Senior year was read what you like, so I read Betty Smith (I like Maggie-Now so much better than Tree Grows in Brooklyn), Anne Rivers Siddons, and read a lot of drama

Wow. I used to love Siddons, but I can't imagine reading her for school. I feel like now she writes the same book over and over, too. I loved Fox's Earth, though -- all that Southern gothic family drama.

Senior year we read The Color Purple, Waiting For Godot, Albee's American Dream, and I forgot what else, although I read On the Road for my research paper. Or that might have been junior year, and Tess might have been sophomore year. Huh. I think we read some Shakespeare senior year, too.

Wow, the years pass, and I can't remember shit.


P.M. Marc - Apr 24, 2009 4:26:36 pm PDT #9003 of 28406
So come, my friends, be not afraid/We are so lightly here/It is in love that we are made; In love we disappear

Senior year was Anna K, Madame Bovine, A Doll's House, Things Fall Apart, and some other stuff.


Barb - Apr 24, 2009 4:27:42 pm PDT #9004 of 28406
“Not dead yet!”

Yeah, Siddons has been writing the same book over and over, but the one I read and fell in love with was Heartbreak Hotel.
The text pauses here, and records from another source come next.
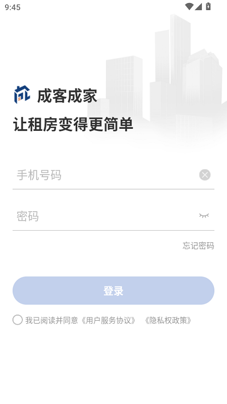 3、打开软件,填入对应信息即可登录查看自己的租房信息。
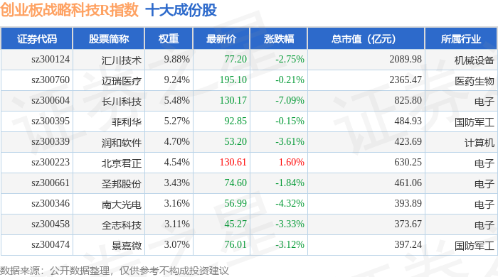 创业板战略科技R(471004)指数十大成份股详情如下:
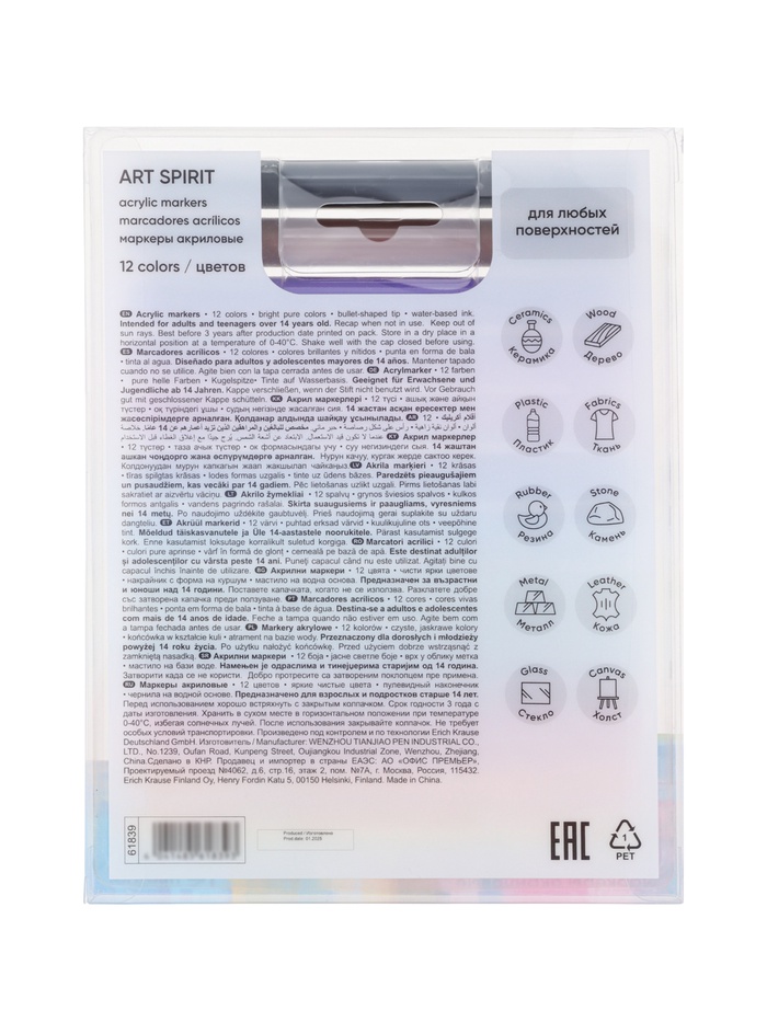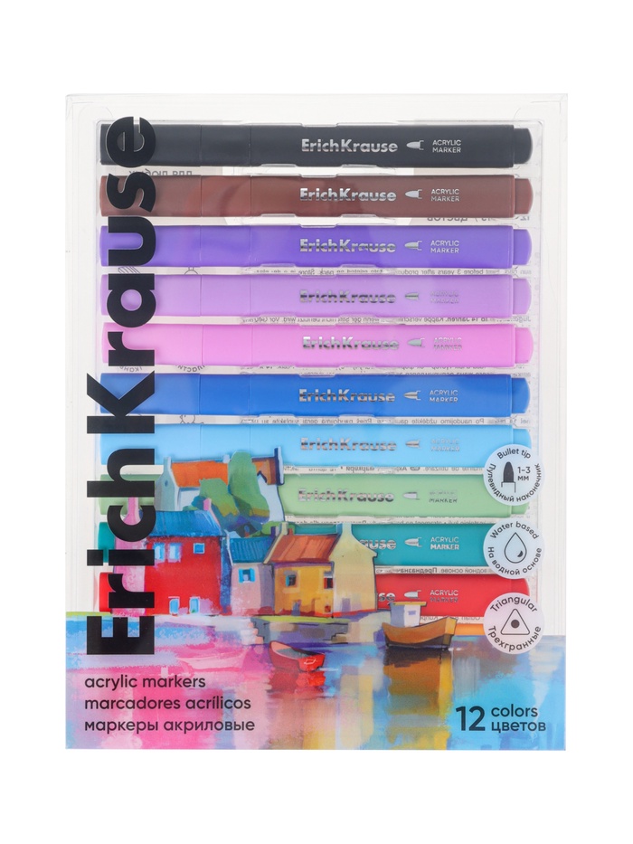 Набор акриловых маркеров ErichKrause. Art Spirit, 12 цветов, c пулевидным наконечником, МИКС — Характеристики
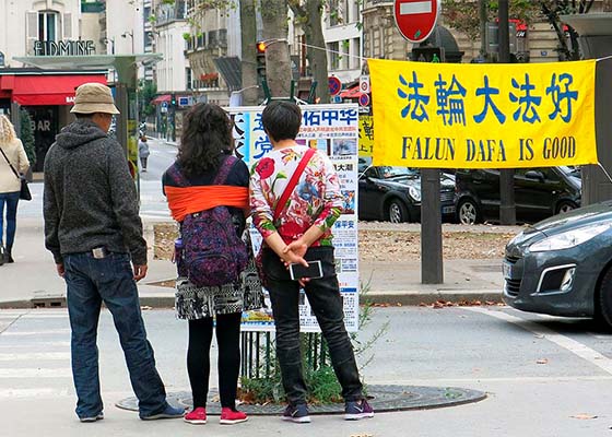 一批又一批在巴黎的景点观光和购物的大陆游客,听了法轮功学员讲的真相,登记三退保平安的同时,主动了解法轮功并表示赞同与支持。

That is such a magnificent book and so different from all of her others, except maybe Downtown. Ironically, my two favorites.


Amy - Apr 24, 2009 4:29:55 pm PDT #9005 of 28406
Because books.

My favorite book of hers was the one (I'm pretty sure) published first, if not written first -- The House Next Door. Really chilling psychological horror with a great couple, great characters, and fabulous writing. Totally unlike anything else she's ever done. It was the one they made a TV movie of with Colin Ferguson and Lara Flynn Boyle, which was impossible to watch without screaming, "The Botox! Oh my god, the Botox!" about Boyle.


Barb - Apr 24, 2009 4:35:30 pm PDT #9006 of 28406
“Not dead yet!”

Actually, her first published book was a book of essays she'd done as a journo called John Chancellor Makes Me Cry in 1973, I think? And I'm pretty sure that Heartbreak Hotel came next, in '75 or '76. It was after that that she went the Southern gothic route for a good bit before turning to the Southern women's fic, which really is where she started sounding like she was writing the same book over and over.